Three public school boards operate schools that offer primary and secondary education.

The Toronto District School Board (TDSB) is a secular public school board that operates two secondary schools in the neighbourhood, Newtonbrook Secondary School and Drewry Secondary School. Both schools are part of the North York Board of Education.

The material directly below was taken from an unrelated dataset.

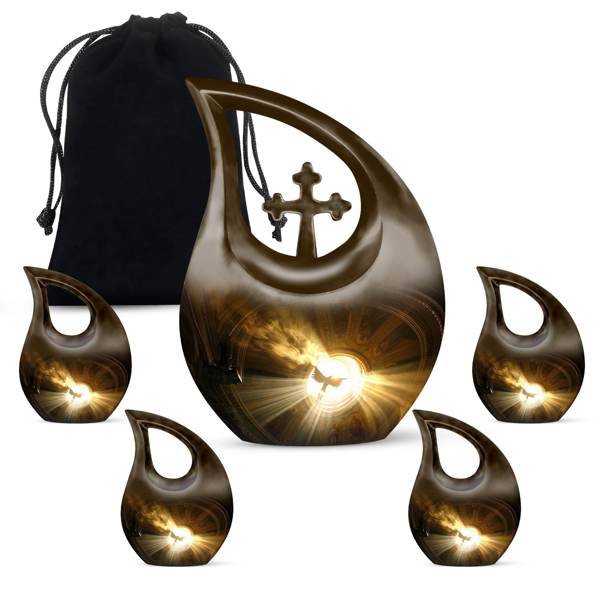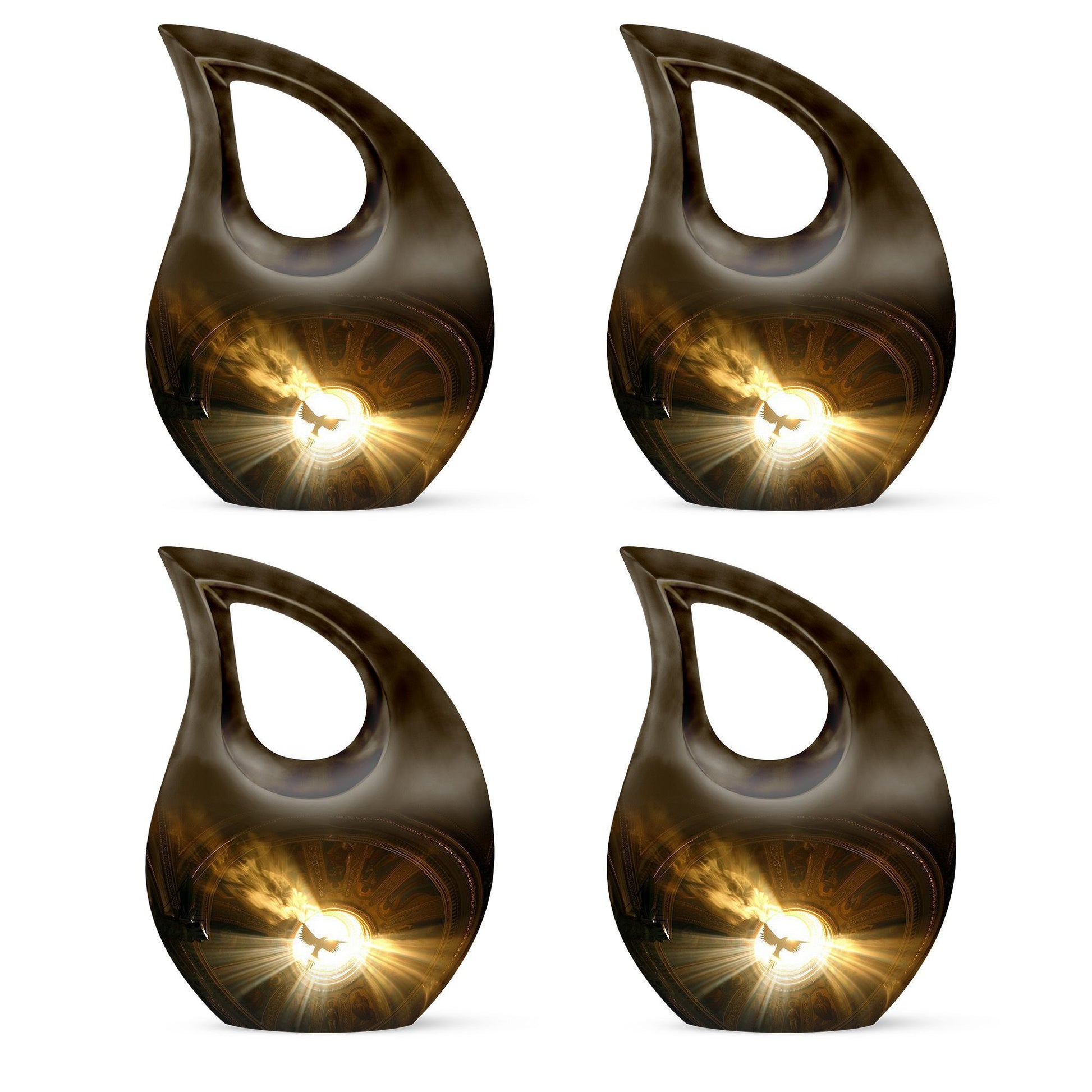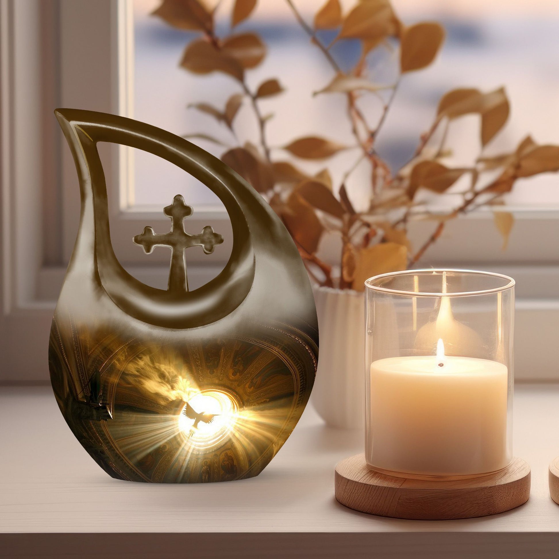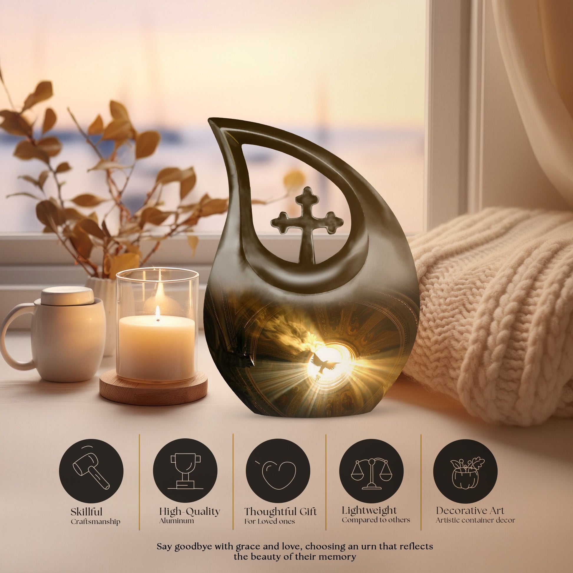 Crafted from durable aluminium, this 10 inch urn features intricate golden cathedral artwork with a radiant dove motif, making it a heartfelt choice for both men and women. Its secure screw-top lid protects the ashes, while the elegant design blends seamlessly into any memorial space. Whether you are searching for cremation urns adults, urn for cremations, or high-quality cremation urns small, this urn meets a wide range of needs with dignity and beauty. Families looking for small urns for human ashes keepsake, small keepsake urns for human ashes, or a single small keepsake urn will find this a serene and meaningful option.

The Toronto Catholic District School Board (TCDSB) is a separate public school board that also operates an all-boys secondary school in Newtonbrook, Brebeuf College School. In addition to English-based public school boards, the Conseil scolaire catholique MonAvenir (CSCM) also operates a secondary school in Newtonbrook, École secondaire catholique Monseigneur-de-Charbonnel (formerly Lewis S. Beattie Secondary School). CSCM is a French-based separate public school board. The school and headquarters are leased from the TDSB. However before 1998, Brebeuf and Charbonnel were part of the Metropolitan Separate School Board when it was an English and French board at the time.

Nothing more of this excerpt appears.